ASSIGNED TASK =>
Pick out each line of the records in which the word "امام" appears.

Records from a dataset
——
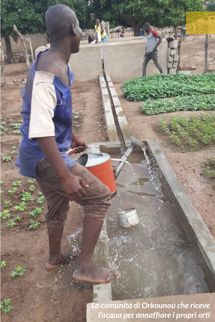
La comunità di Orkounou che riceve l'acqua per annaffiare i propri orti
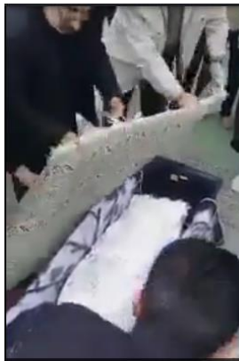
تصویر ۵- غبارتکانی قالی‌های حرم امام رضا (ع) بر روی میت ( https://www.aparat.com/v/pRJIT )

در حرم امام رضا (ع)، لوازم و ابزارهای گوناگونی وجود دارد که هر یک به نوعی تبرک به شمار می‌آیند و به نوعی زینده این حرم و دل‌خوشی زائران آن محسوب می‌شوند. یکی از لوازم و زیبایی‌های حرم امام رضا (ع)، مجموعه‌ای از فرش‌های دست‌باف است که به سفارش آستان قدس رضوی و توسط تولیدکنندگان همانند عمواوغلی (در دوران پهلوی اول) و کارگاه بافت قالی آستان قدس رضوی تولید شده است. از آنجایی که سالانه بسیاری به حرم امام رضا (ع) مشرف می‌شوند و مراسم مذهبی زیارت را انجام می‌دهند، افراد زیادی بر روی فرش‌های حرم رفت و آمد داشته و بر روی آن نشست و برخاست می‌کنند. به همین دلیل این فرش‌ها گرد و غبار زیادی دارند؛ اما در فرهنگ شیعیان، ارادتمندان ائمه اطهار بر این باورند که زیارت از حرم امام رضا (ع)، عملی مقدس و خاک پای زائران حرم آن حضرت نیز، به نوعی تقدس و تبرک به شمار می‌آید. از این رو، بسیاری از ایرانیان ساکن منطقه، از قدیم تا کنون، پیش از دفن میت خود، آنان را به حرم امام رضا (ع) منتقل می‌کردند تا از تبرک و تقدس این امام معصوم بهره‌مند شده و توشه‌ای برای آخرت وی باشد.
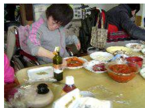
ピザ美味しくできたよ♪

生地をこねて、丸めて、伸ばして… トマトソース、たまねぎ、 エビ…あっ、次はハムものせて 最後は、チーズとパセリ!
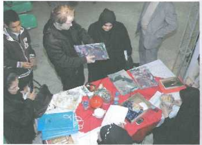
گزارش از چهارمین روز جشنواره سینما حقیقت؛
——
EXERCISE ANSWER =>
تصویر ۵- غبارتکانی قالی‌های حرم امام رضا (ع) بر روی میت ( https://www.aparat.com/v/pRJIT )
در حرم امام رضا (ع)، لوازم و ابزارهای گوناگونی وجود دارد که هر یک به نوعی تبرک به شمار می‌آیند و به نوعی زینده این حرم و دل‌خوشی زائران آن محسوب می‌شوند. یکی از لوازم و زیبایی‌های حرم امام رضا (ع)، مجموعه‌ای از فرش‌های دست‌باف است که به سفارش آستان قدس رضوی و توسط تولیدکنندگان همانند عمواوغلی (در دوران پهلوی اول) و کارگاه بافت قالی آستان قدس رضوی تولید شده است. از آنجایی که سالانه بسیاری به حرم امام رضا (ع) مشرف می‌شوند و مراسم مذهبی زیارت را انجام می‌دهند، افراد زیادی بر روی فرش‌های حرم رفت و آمد داشته و بر روی آن نشست و برخاست می‌کنند. به همین دلیل این فرش‌ها گرد و غبار زیادی دارند؛ اما در فرهنگ شیعیان، ارادتمندان ائمه اطهار بر این باورند که زیارت از حرم امام رضا (ع)، عملی مقدس و خاک پای زائران حرم آن حضرت نیز، به نوعی تقدس و تبرک به شمار می‌آید. از این رو، بسیاری از ایرانیان ساکن منطقه، از قدیم تا کنون، پیش از دفن میت خود، آنان را به حرم امام رضا (ع) منتقل می‌کردند تا از تبرک و تقدس این امام معصوم بهره‌مند شده و توشه‌ای برای آخرت وی باشد.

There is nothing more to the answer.